> **TASK DESCRIPTION**
The answer is to contain only the line containing "OTTO Curier pregateste" and the lines after it through the last one, each reproduced exactly as it appears below.

Stored data entries
# # # # #

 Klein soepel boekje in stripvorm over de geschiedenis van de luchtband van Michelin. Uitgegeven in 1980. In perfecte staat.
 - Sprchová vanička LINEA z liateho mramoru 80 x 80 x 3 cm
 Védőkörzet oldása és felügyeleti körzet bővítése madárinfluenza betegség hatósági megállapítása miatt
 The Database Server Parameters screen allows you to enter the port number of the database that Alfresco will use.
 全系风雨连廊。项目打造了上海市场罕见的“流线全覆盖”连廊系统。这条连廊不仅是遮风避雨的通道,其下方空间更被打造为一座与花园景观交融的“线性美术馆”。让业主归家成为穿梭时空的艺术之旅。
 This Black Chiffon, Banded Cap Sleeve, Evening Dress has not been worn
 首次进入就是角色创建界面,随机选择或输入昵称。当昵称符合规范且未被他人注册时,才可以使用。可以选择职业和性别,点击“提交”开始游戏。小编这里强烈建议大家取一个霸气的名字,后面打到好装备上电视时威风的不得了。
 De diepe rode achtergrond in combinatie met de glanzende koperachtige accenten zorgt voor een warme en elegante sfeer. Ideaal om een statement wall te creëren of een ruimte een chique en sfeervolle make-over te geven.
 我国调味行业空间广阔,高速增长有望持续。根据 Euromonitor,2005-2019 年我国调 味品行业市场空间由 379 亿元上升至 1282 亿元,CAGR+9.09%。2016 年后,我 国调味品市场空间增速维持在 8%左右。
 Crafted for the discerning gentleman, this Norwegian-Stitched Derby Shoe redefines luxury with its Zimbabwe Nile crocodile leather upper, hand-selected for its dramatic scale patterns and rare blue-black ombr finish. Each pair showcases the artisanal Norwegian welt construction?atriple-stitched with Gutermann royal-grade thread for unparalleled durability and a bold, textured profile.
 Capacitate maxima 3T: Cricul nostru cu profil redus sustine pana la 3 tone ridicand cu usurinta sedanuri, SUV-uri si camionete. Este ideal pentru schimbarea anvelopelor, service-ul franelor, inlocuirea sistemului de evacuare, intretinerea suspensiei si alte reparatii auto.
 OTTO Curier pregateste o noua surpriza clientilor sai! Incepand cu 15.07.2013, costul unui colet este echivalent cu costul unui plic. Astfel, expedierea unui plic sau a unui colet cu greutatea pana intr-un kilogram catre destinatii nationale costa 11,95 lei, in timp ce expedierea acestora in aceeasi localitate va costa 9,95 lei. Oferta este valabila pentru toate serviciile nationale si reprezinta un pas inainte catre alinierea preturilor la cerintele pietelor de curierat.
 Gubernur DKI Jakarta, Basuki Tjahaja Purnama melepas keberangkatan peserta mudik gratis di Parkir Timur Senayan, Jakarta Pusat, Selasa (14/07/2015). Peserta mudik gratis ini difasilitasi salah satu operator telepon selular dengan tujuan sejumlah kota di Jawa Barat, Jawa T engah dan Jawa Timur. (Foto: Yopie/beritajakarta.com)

# # # # #

> **YOUR SOLUTION**
 OTTO Curier pregateste o noua surpriza clientilor sai! Incepand cu 15.07.2013, costul unui colet este echivalent cu costul unui plic. Astfel, expedierea unui plic sau a unui colet cu greutatea pana intr-un kilogram catre destinatii nationale costa 11,95 lei, in timp ce expedierea acestora in aceeasi localitate va costa 9,95 lei. Oferta este valabila pentru toate serviciile nationale si reprezinta un pas inainte catre alinierea preturilor la cerintele pietelor de curierat.
 Gubernur DKI Jakarta, Basuki Tjahaja Purnama melepas keberangkatan peserta mudik gratis di Parkir Timur Senayan, Jakarta Pusat, Selasa (14/07/2015). Peserta mudik gratis ini difasilitasi salah satu operator telepon selular dengan tujuan sejumlah kota di Jawa Barat, Jawa T engah dan Jawa Timur. (Foto: Yopie/beritajakarta.com)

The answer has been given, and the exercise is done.